• [EXERCISE AIM]: Transcribe all of the data verbatim, please, and leave out its pictures.

• [INFORMATION]:
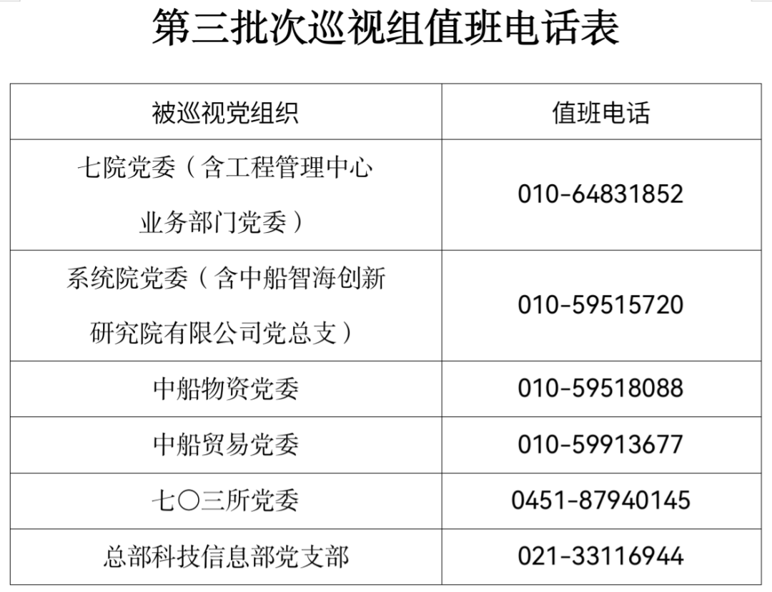 巡視期間,集團公司黨組巡視組設(shè)置值班電話和聯(lián)系信箱,主要受理反映被巡視黨組織領(lǐng)導(dǎo)班子及其成員、下一級黨組織領(lǐng)導(dǎo)班子主要負(fù)責(zé)人和重點崗位領(lǐng)導(dǎo)干部問題的來信、來電、來訪,重點關(guān)注違反政治紀(jì)律、組織紀(jì)律、廉潔紀(jì)律、群眾紀(jì)律、工作紀(jì)律、生活紀(jì)律以及巡視整改等方面問題反映。第三批次巡視受理信訪截止時間為9月22日。
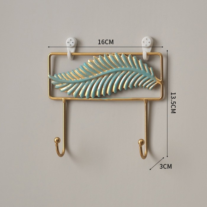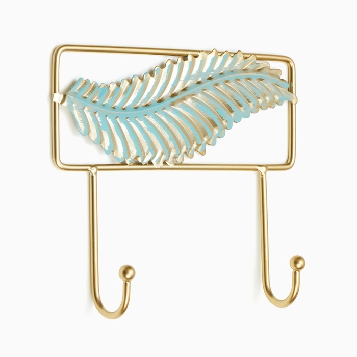 Обладают всеми необходимыми качествами для удобного хранения одежды и аксессуаров. На вешалке можно разместить головные уборы, шарфы или свои любимые предметы. Удобное дополнение, которое поможет вам организовать пространство и добавить характер вашему интерьеру. Каркас изготовлен из металла, что делает фурнитуру долговечной и прочной, способной выдерживать значительную нагрузку. Настенная вешалка имеет красивые вставки в виде пёрышка. Покрашена в элегантный золотой цвет с добавлением бирюзового.
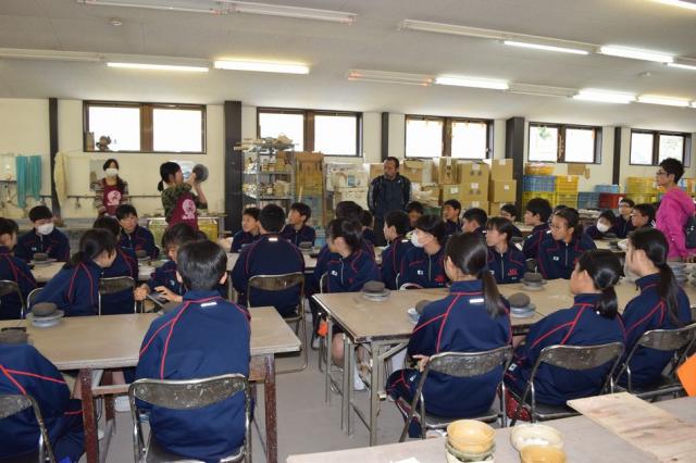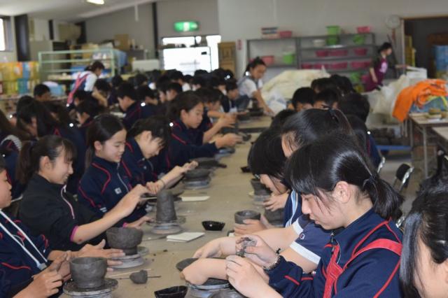午後の信楽産業展示館では学芸員の方より信楽焼についてのお話をききました。茶道とともに発展してきた歴史や、現代では岡本太郎の太陽の塔に陶器が使われているなど、生徒たちは熱心に聞き入っていました。
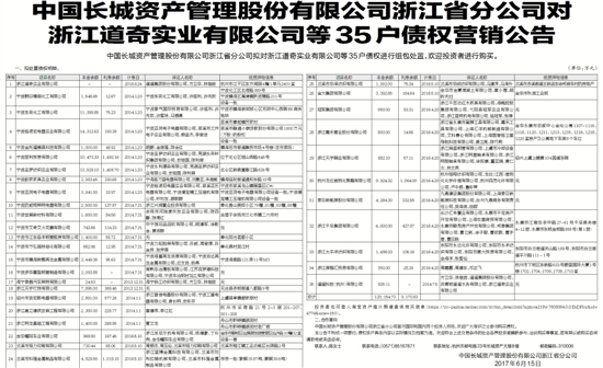 中国长城资产管理股份有限公司浙江省分公司拟对浙江道奇实业有限公司等35户债权进行组包处置,欢迎投资者进行购买。
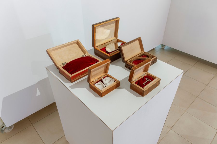 Пограничная, связывающая между собой обе части выставки работа, главными смысловыми ориентирами которой становятся практика хранения самого ценного в небольших девочковых шкатулках и (не)готовность отпускать проходящее.

• [FINAL ANSWER]:
 巡視期間,集團公司黨組巡視組設(shè)置值班電話和聯(lián)系信箱,主要受理反映被巡視黨組織領(lǐng)導(dǎo)班子及其成員、下一級黨組織領(lǐng)導(dǎo)班子主要負(fù)責(zé)人和重點崗位領(lǐng)導(dǎo)干部問題的來信、來電、來訪,重點關(guān)注違反政治紀(jì)律、組織紀(jì)律、廉潔紀(jì)律、群眾紀(jì)律、工作紀(jì)律、生活紀(jì)律以及巡視整改等方面問題反映。第三批次巡視受理信訪截止時間為9月22日。
 Обладают всеми необходимыми качествами для удобного хранения одежды и аксессуаров. На вешалке можно разместить головные уборы, шарфы или свои любимые предметы. Удобное дополнение, которое поможет вам организовать пространство и добавить характер вашему интерьеру. Каркас изготовлен из металла, что делает фурнитуру долговечной и прочной, способной выдерживать значительную нагрузку. Настенная вешалка имеет красивые вставки в виде пёрышка. Покрашена в элегантный золотой цвет с добавлением бирюзового.
午後の信楽産業展示館では学芸員の方より信楽焼についてのお話をききました。茶道とともに発展してきた歴史や、現代では岡本太郎の太陽の塔に陶器が使われているなど、生徒たちは熱心に聞き入っていました。
 中国长城资产管理股份有限公司浙江省分公司拟对浙江道奇实业有限公司等35户债权进行组包处置,欢迎投资者进行购买。
 Пограничная, связывающая между собой обе части выставки работа, главными смысловыми ориентирами которой становятся практика хранения самого ценного в небольших девочковых шкатулках и (не)готовность отпускать проходящее.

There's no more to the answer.